Insidb said: No, I used to buy tons (100s, if not >1000) of DVDs and Blu-Rays, but now I use HBOGO, Netflix, Hulu, OnDemand, Apple TV, etc. I think I bought 2 or 3 Blu-Rays this year, and most people I know are watching Stranger Things, GoT, Narcos, or some other streaming content. The new Apple TV is aiming to consolidate the distribution further, and there's a reason that the 4K movie section is so small at brick and mortar stores. It's fast-becoming a niche market. |
I'm in the same boat. My blu-ray purchases have declined a lot this year. I've already upgraded and bought all the classics I wanted, Studio Ghibbli is done and new movie releases are getting weaker all the time. I've spend more time streaming tv series than watching movies the last few months.
It doesn't help that 4K blu-ray is a bit of a disappointing and/or pointless upgrade.
From DVD to Blu-ray -> 6x resolution, 5.3x disc size, 5.3x bitrate, 2x more efficient codec, lossless sound introduced
From Blu-ray to 4K Blu-ray -> 4x resolution, 2x disc size, 2.4x bitrate, 2x more efficient codec, 10 bit color, HDR introduced
Much smaller increase in fidelity than DVD to Blu-ray, hence I suspect HDR is the new thing that has to convince people it's worth it. However HDR was never part of movies, cinemas could not display anything over 48 nits. A well preserved 35mm film is equivalent to about 3K quality, however you can already see the film grain on blu-ray. Big upgrade on blu-ray, better film grain on 4k... Digitally shot movies have only recently gotten to the point of using 4K cameras while many still use 2K masters.
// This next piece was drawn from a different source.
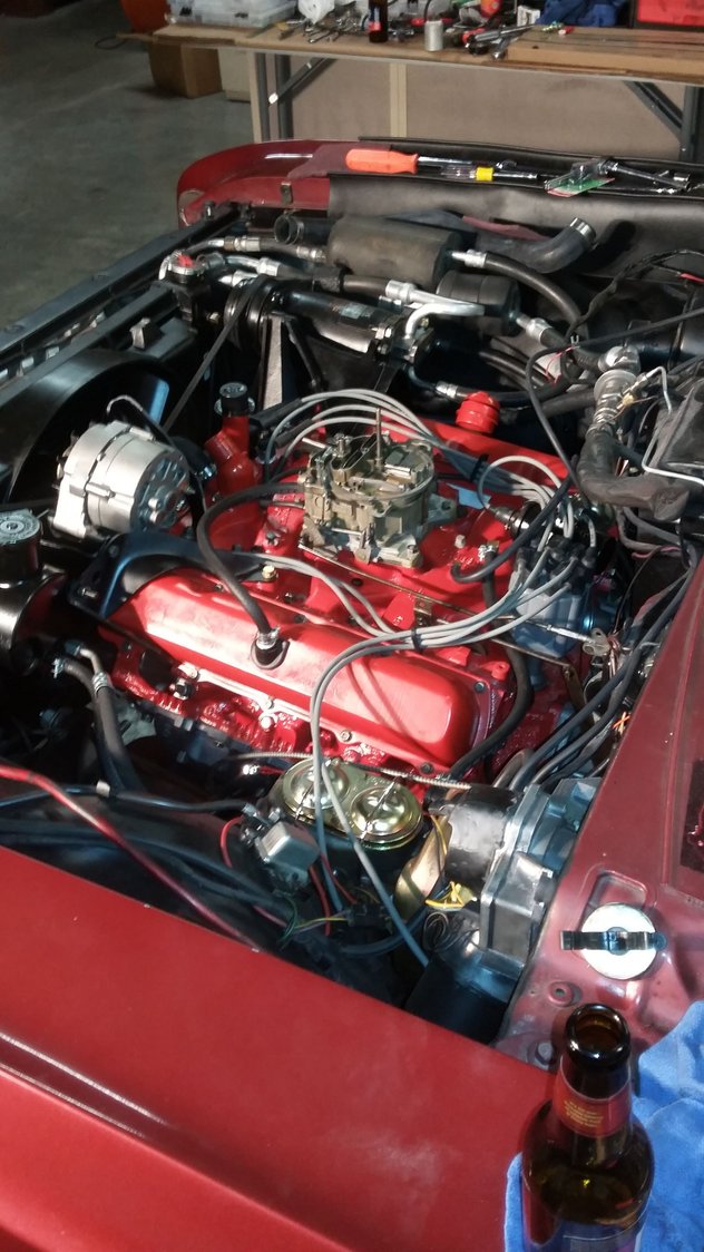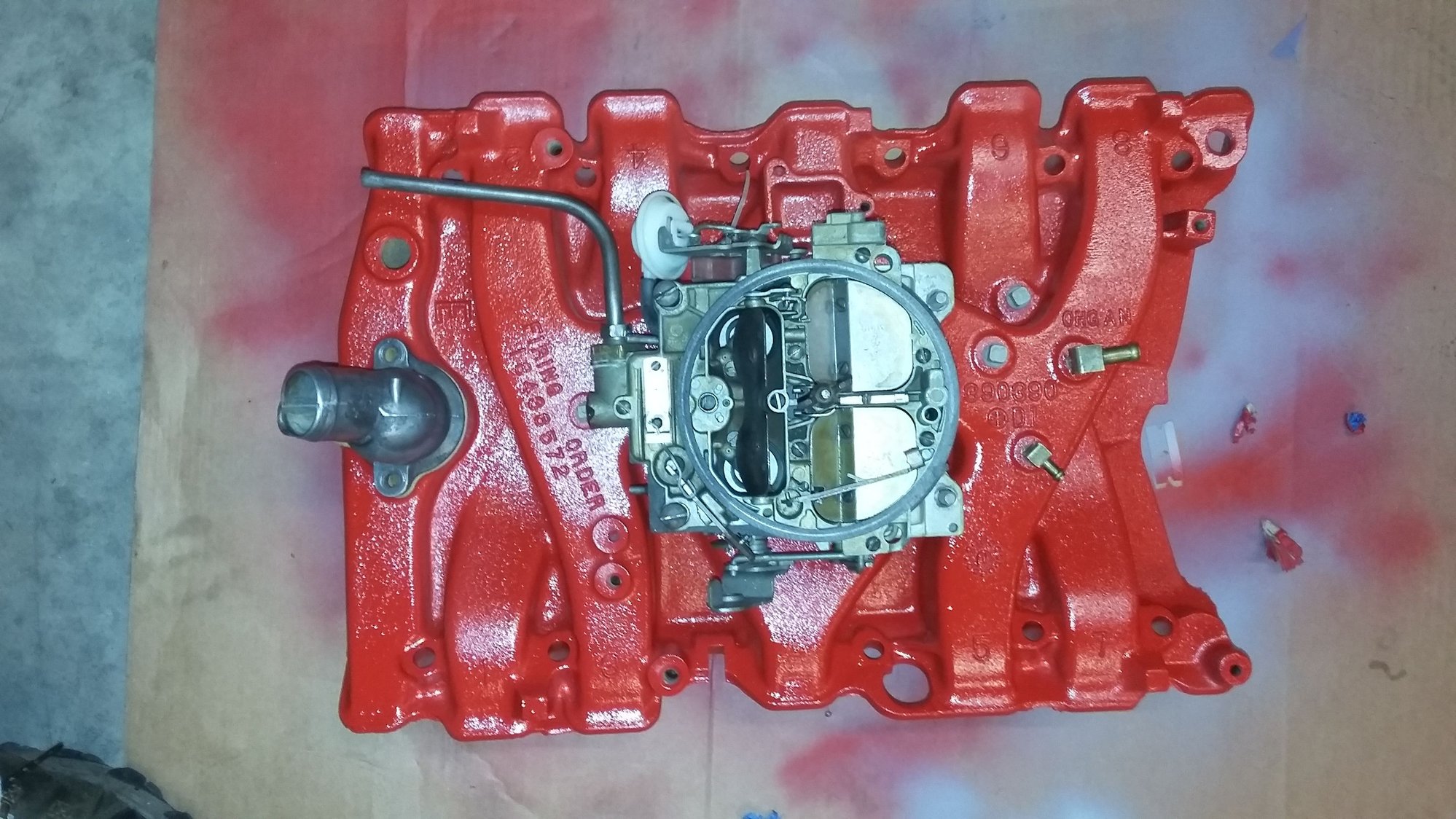 I have the original intake and carb and i had the intake powder coated but the one on my engine now is a powder coated elderbrock with a deamon carb.

Lotr already looks very soft on blu-ray, not much more to squeeze out of movies from before 2014 unless it's one of the few shot on 70mm. (Which already look miles apart on blu-ray)
4K blu-ray looks great compared to streaming ofcourse. 1080p streaming at 5mbps is laughable. The sound track on blu-ray already takes up most of that... Even 4K streaming at Netflix' 15mbps (18mbps with HDR) is still less than blu-ray after factoring in the gain from h.265 vs h.264
What I would have liked to see for 4K:
- HVD discs
- 250-300 mbps matching the cinema master
- lossless 96khz/192khz sound
- 4:4:4 video in 10/12 bit rec.2020 color
10 bit color is there, however smaller color space (DCI P3) and still 4:2:0 chroma subsampled (basically 1080p color resolution)
The library of true 4K movies will slowy grow anyway. Sticking with blu-ray for 4K is the biggest BS imo.